WOOD RIVER  JCT. — Like so many high school athletes, Chariho freshman Allie Nelson finds being part of a team the greatest reward of her sport.

"Being on the team makes me feel like I am at home," the 15-year-old said.

But Nelson, who lives in Charlestown, finds herself in the rather unusual position of being the only girl on the Chargers wrestling squad.

"Yeah, I was  nervous at first, 'What would other people think?' But the team was very supportive," she said.

That support and acceptance have played a role in the success Nelson has experienced in her wrestling career.

On March 21, Nelson won the girls national championship in the U16 152-pound class at the USA Wrestling/United States Marine Corps championships at the Cox Center in Oklahoma City.

Nelson beat Sidney Sullens of Cleveland, Ga., 7-5, in the title bout, using an escape and a takedown in the final period of the match to earn the win.

She won her two previous bouts in the tournament by identical 2-0 scores.

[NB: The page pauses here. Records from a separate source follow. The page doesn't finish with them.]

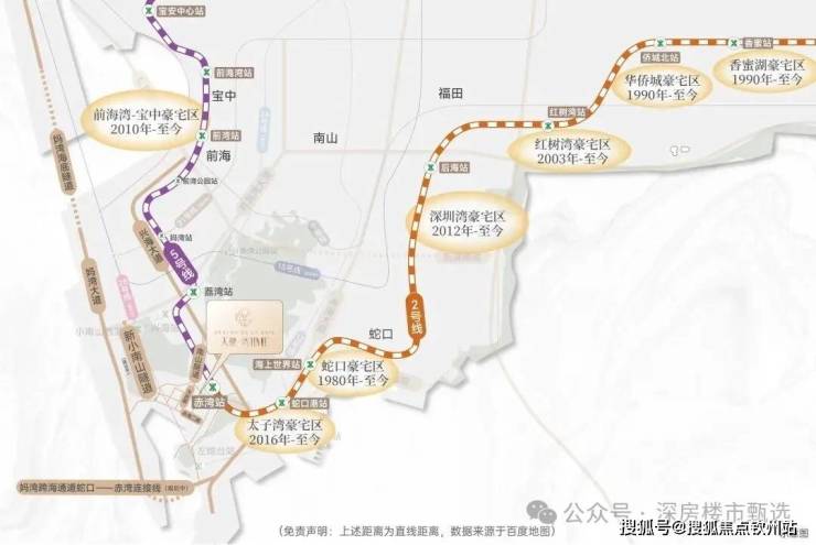 项目距2号线(豪宅线)与5号线(发展线)首发赤湾站约300m(直线距离),从此,坐地铁而不是站地铁,未来新小南山隧道(预计2027年竣工)、望海路升级等重大交通配套持续落地,咫尺间连通蛇口、前海。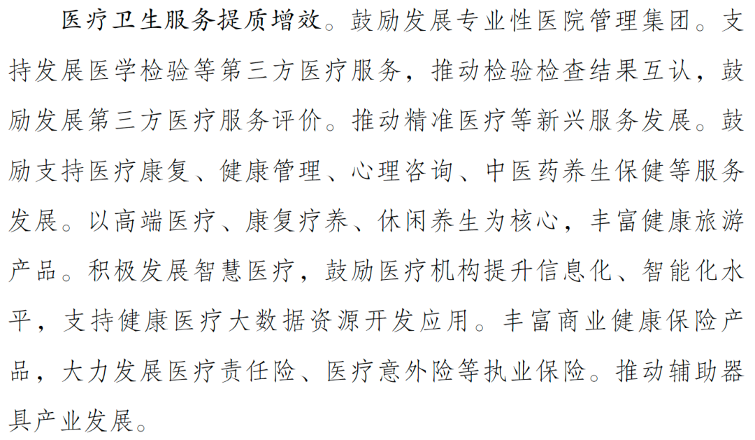 具体到医疗层面主要包括:第三方医疗服务的发展、精准医疗、高端康养、智慧医疗和商业执业保险等。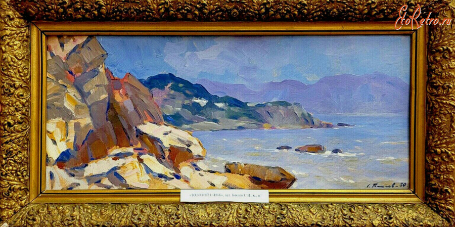 Описание старой фотографии: Картина. Картон, масло. 28х69 см. Художник Сергей Бакаев, Сергей Иванович Бакаев, 1922, Семипалатинск, Казахская ССР-2010, Ялта, Крым, 1950 . Музей краеведения и истории грязелечения, Саки, Крым, СССР. - "Золотой пляж" расположен в 5 км от центра Феодосии, в районе поселка Береговое, малом курортном центре Юго-Восточного Крыма. Цитата.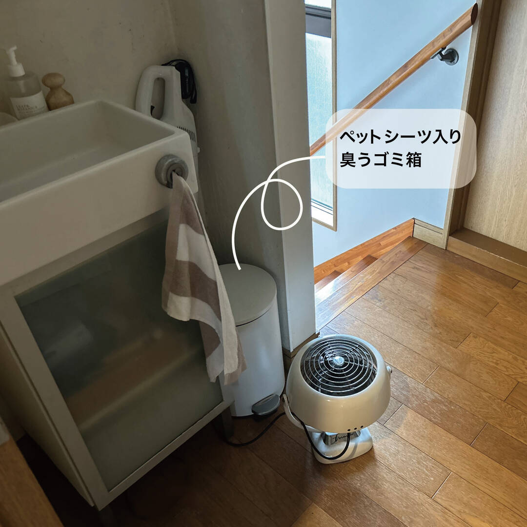 ▪️湿気の多い日に、使用済みペットシーツを捨てる洗面台横のゴミ箱まわりが臭う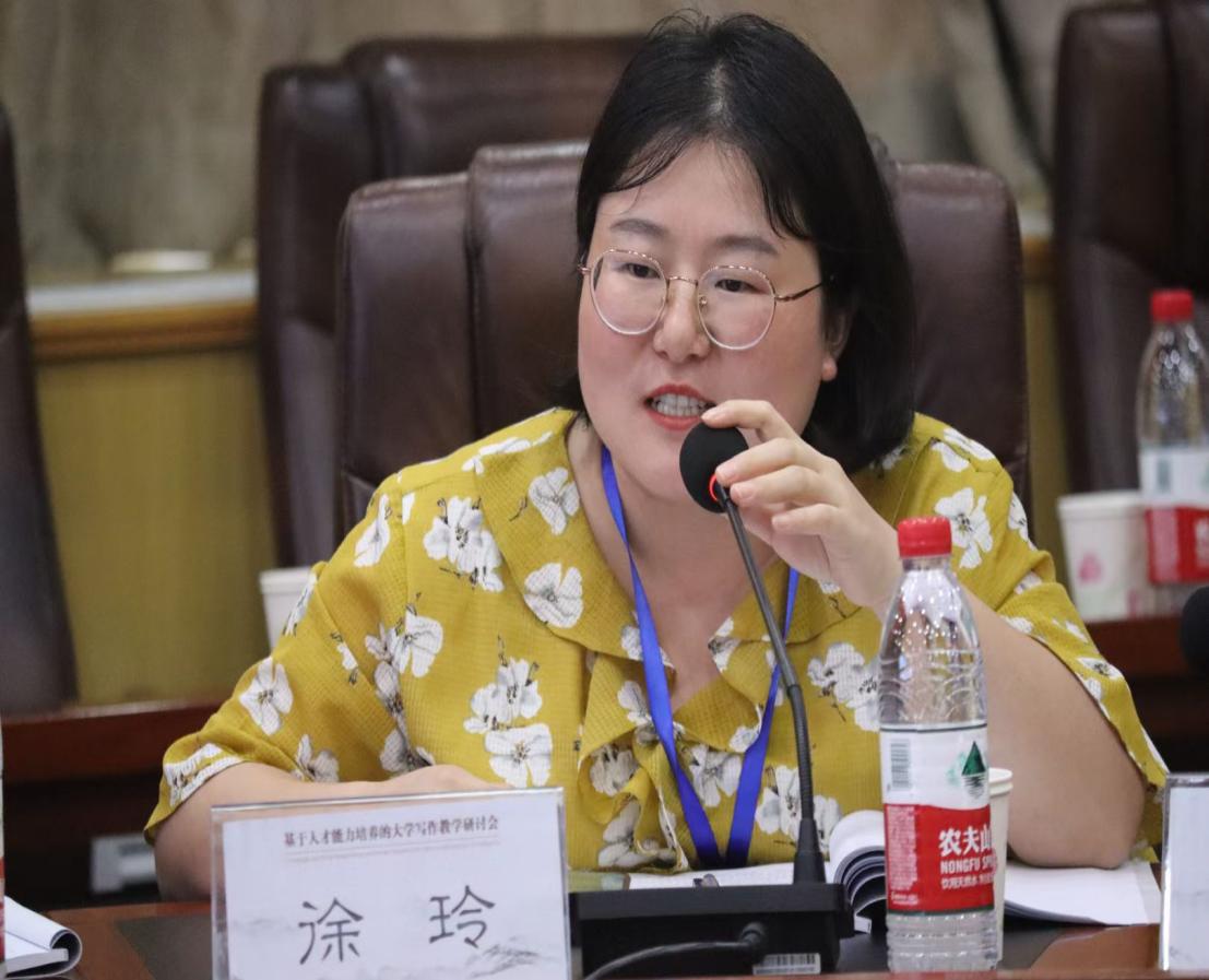 我院青年教师徐玲以《新文科背景下地方师范院校大学写作课程教学改革研究与实践——以内江师范学院为例》为题作小组发言。她介绍了内江师范学院大学写作课程建设的发展历程、当前建设情况。要以优化教学内容、落实教学方法、改革考核方式和评价标准、强化学习效果反馈机制为出发点,对新文科背景下地方师范院校大学写作课程教学改革进行探索实践,围绕课程育人为主线,有效推动教与学、学与练,练与创深度融合,实现课堂教学体系与课外支持体系在培养目标、课程育人理念与实践策略等方面协同共进。徐玲老师积极与同行专家进行深入交流,探讨学习了各位老师分享的宝贵又实用的大学写作课程建设实践经验和人才培养的思路。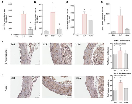 Treatment with the GLP-1 receptor agonist liraglutide suppresses CLP-induced vascular inflammation in polymicrobial septic mice. Aortic gene expression levels of (A) interleukin 6 (Il6), (B) inducible nitric oxide synthase (iNos), (C) tumor necrosis factor alpha (Tnfα) and (D) intercellular adhesion molecule-1 (Icam1) were measured by quantitative RT-PCR in aortic tissue. (E,F) Abundance of 3-NT-positive proteins and Nox2 protein expression in the aorta was determined by immunohistochemistry. Representative immunohistochemical images are shown next to the densitometric quantification. Magnification of 40× and scale bar of 50 μm. Data are the mean ± SEM of 3 individual samples (each pooled from 3 to 4 mice) (A–D) or 3 individual animals (E,F). * p < 0.05 vs. B6J; # p < 0.05 vs. CLP.
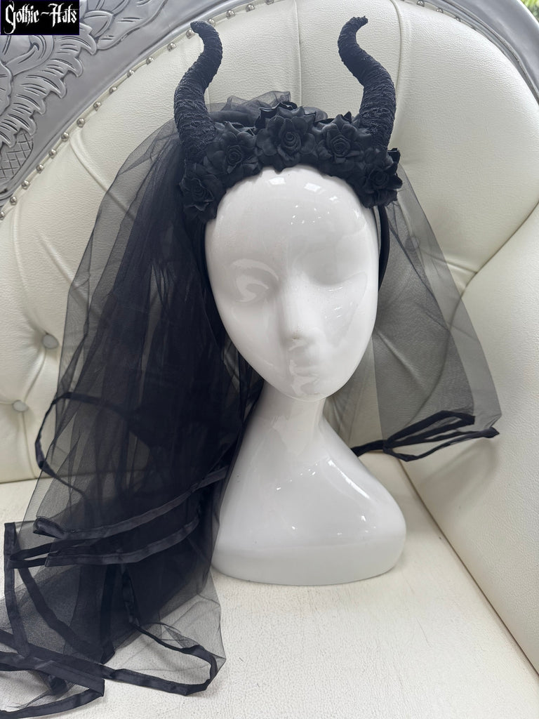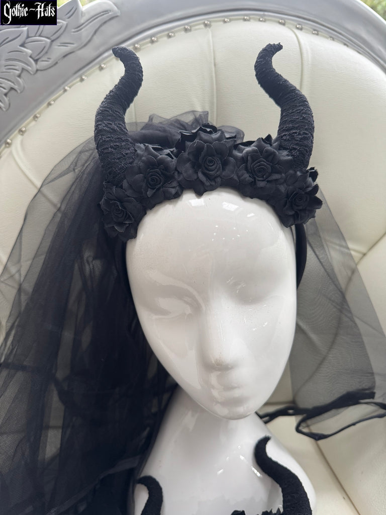 Satin and lace horns with flowers headdress on a wide black satin headband with a long veil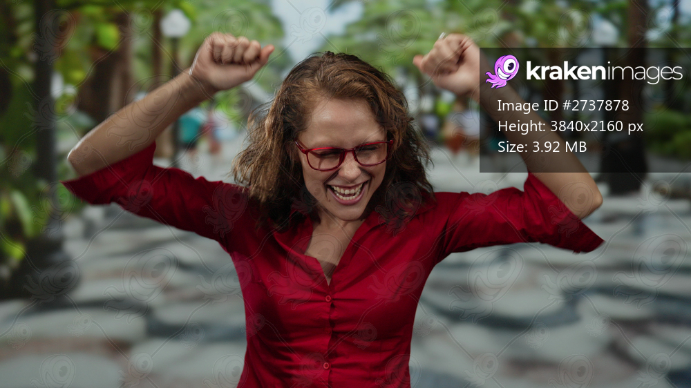 Woman celebrating joyfully in a vibrant park setting, wearing a bright red shirt and glasses, expressing happiness and excitement in the outdoor natural environment. - Kraken Images

Girls wrestling continues to grow in popularity across the country. Twelve states have sanctioned separate girls state championships, with six joining in 2018, according to the National Wrestling Coaches Association website.

Massachusetts conducted its first girls state championships this season, with 60 wrestlers competing.

Nelson started wrestling in sixth grade at Chariho Middle. Her father, Ken, had wrestled in high school at South Kingstown. She also had a cousin who wrestled, and Nelson used to attend his matches.

"Sixth and seventh grade weren't great seasons, but I was improving," Nelson said.

In eighth grade, she went undefeated and won the state title wrestling against boys.

"In middle school, a lot of the kids would talk crap before the match. A lot of them would not expect me to beat them," she said. "When I would actually beat them they would get mad at their coaches."

Nelson also trains at the Mayo Quanchi Judo and Wrestling school in Coventry during the offseason. She is a year-round wrestler.

Nelson said her friends are accepting, too.

"They know what level I am at, and when I tell them I can't hang out, they understand," she said.

Her father coaches her in the offseason.

"My dad is my coach and that really helps," Nelson said. "He pushes me and he has gotten me to where I am today."

Nelson hopes to wrestle varsity matches for the Chargers next season. She may have to move down a weight class — the current 152-pounder for Chariho, Dominic Bonanno, won the state title this season.

Nelson said she has learned a lot from the sport.

"The biggest thing is you really have to be brave about everything," she said. "You have to be confident in yourself and never underestimate your opponent.

"I definitely have a lot more drive than I would have had if I had not wrestled. I have a lot of willpower. If I want to do something, I know I can get it done."